Paruresis, also known as shy bladder syndrome, is a type of phobia in which a person is unable to urinate in the real or imaginary presence of others, such as in a public restroom. The analogous condition that affects bowel movement is called parcopresis or shy bowel.

Signs and symptoms 
Some people have brief, isolated episodes of urinary difficulty in situations where other people are in close proximity.  Paruresis, however, goes beyond simple shyness, embarrassment, fear of exposure, or fear of being judged for not being able to urinate.
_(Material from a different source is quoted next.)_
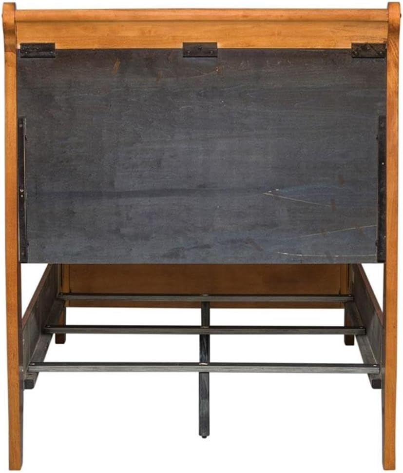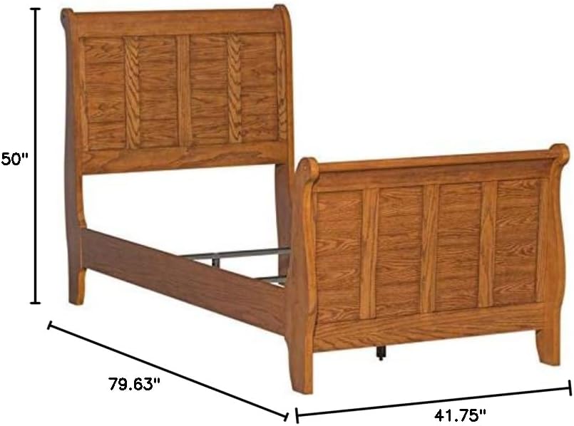 Rustic American Bedroom Design with Wood & Peg Accents Give a Craftsman Feel. Aged Oak Finish and made of Select Hardwoods & Ash & Oak Veneers. Cases feature Full Extension Metal Side Drawer Glides, French & English Dovetail Construction and Antique Brass Knob Hardware.Features:- Finish: Aged Oak- Style: Traditional- Rustic American Bedroom Design- Materials: Select Hardwoods & Ash & Oak Veneers- Wood & Peg Accents Give Craftsman Feel- French & English Dovetail Construction- Complete Dust Proofing- RTA Headboard- Box Spring RequiredSpecifications:- Overall Product Dimensions: 50" H x 41.75" W x 79.63" D- Overall Product Weight: 108 lbs
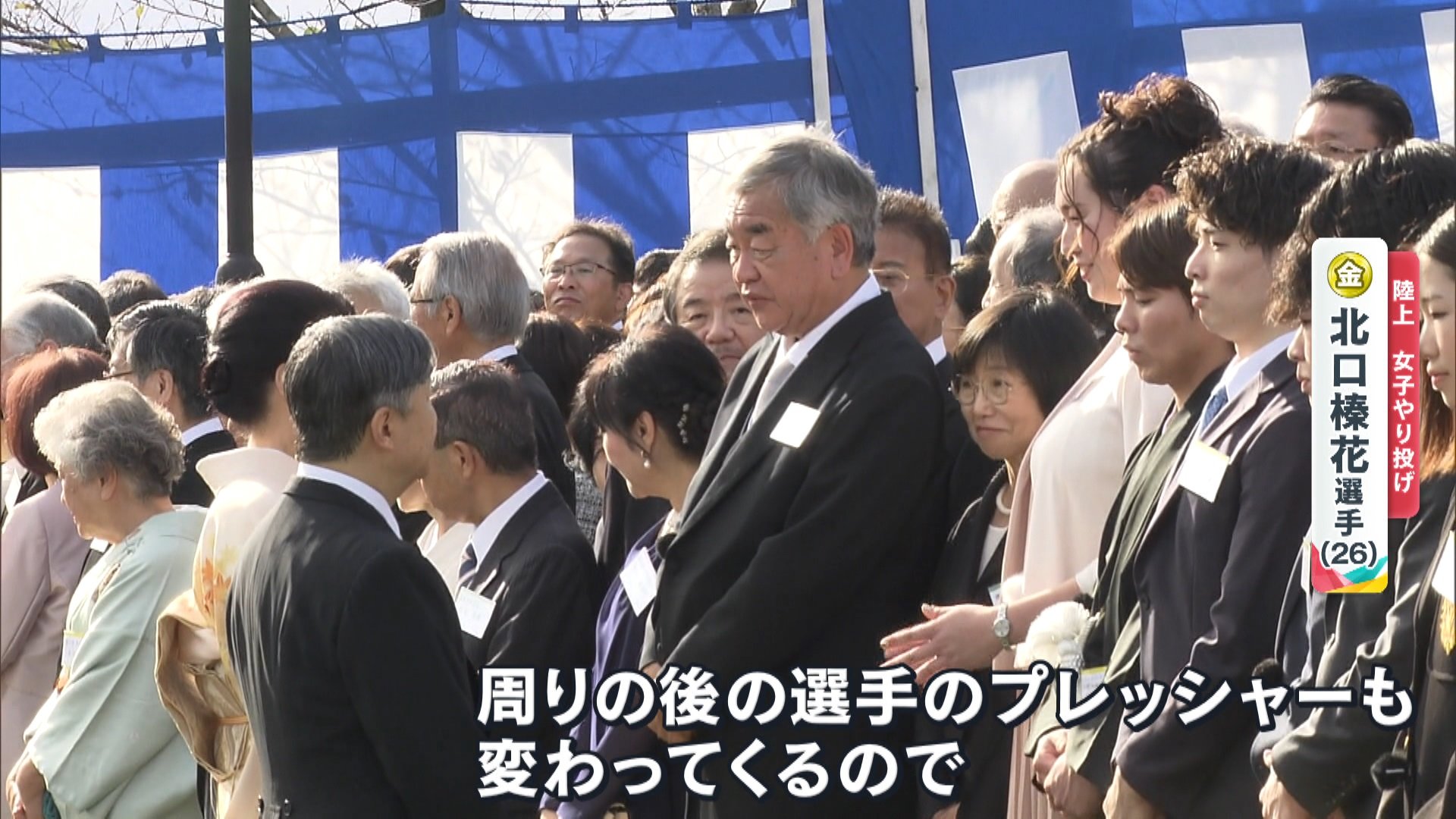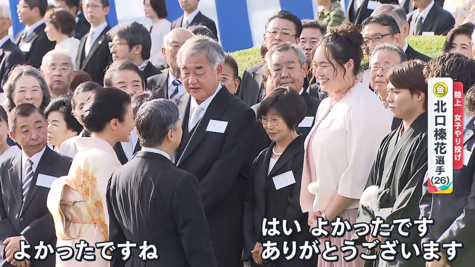 陸上女子やり投げで、1投目で65m80cmを記録し、金メダルを獲得した北口榛花選手(26)に両陛下が声をかけられます。

Other people may find that they are unable to urinate while in moving vehicles, or are fixated on the sounds of their urination in quiet restrooms or residential settings. In severe cases, a person with paruresis can urinate only when alone at home or through the process of catheterization.

Causes 
One possible cause of paruresis is undergoing a voiding cystourethrography (VCUG) in the past. "Complications that can occur in both sexes include UTI, hematuria, cystitis as well as urinary dysfunction following a catheterization, phobia of urination, nocturia, and stopping urination. In the literature, psychological trauma resulting from VCUG was considered the same as from a violent rape, especially in girls."

Pathophysiology
It appears that paruresis involves a tightening of the sphincter or bladder neck due to a sympathetic nervous system response. The adrenaline rush that produces the involuntary nervous system response probably has peripheral and central nervous system involvement. The internal urethral sphincter (smooth muscle tissue) or the external urethral sphincter (striated muscle), levator ani (especially the pubococcygeus) muscle area, or some combination of the above, may be involved. It is possible that there is an inhibition of the detrusor command through a reflex pathway as well. The pontine micturition center (Barrington's nucleus) also may be involved, as its inhibition results in relaxation of the detrusor and prevents the relaxation of the internal sphincter.

Diagnosis
The condition is catered for in the rules for mandatory urine testing for drugs in UK prisons, and UK Incapacity Benefit tribunals also recognise it.  It is listed in the NHS on-line encyclopaedia of conditions and disorders. It is now reported to have been accepted as a valid reason for jury service excusal. From 1 August 2005, the guidance on the rules relating to the testing of those on probation in the UK cites paruresis as a valid reason for inability to produce a sample which is not to be construed as a refusal.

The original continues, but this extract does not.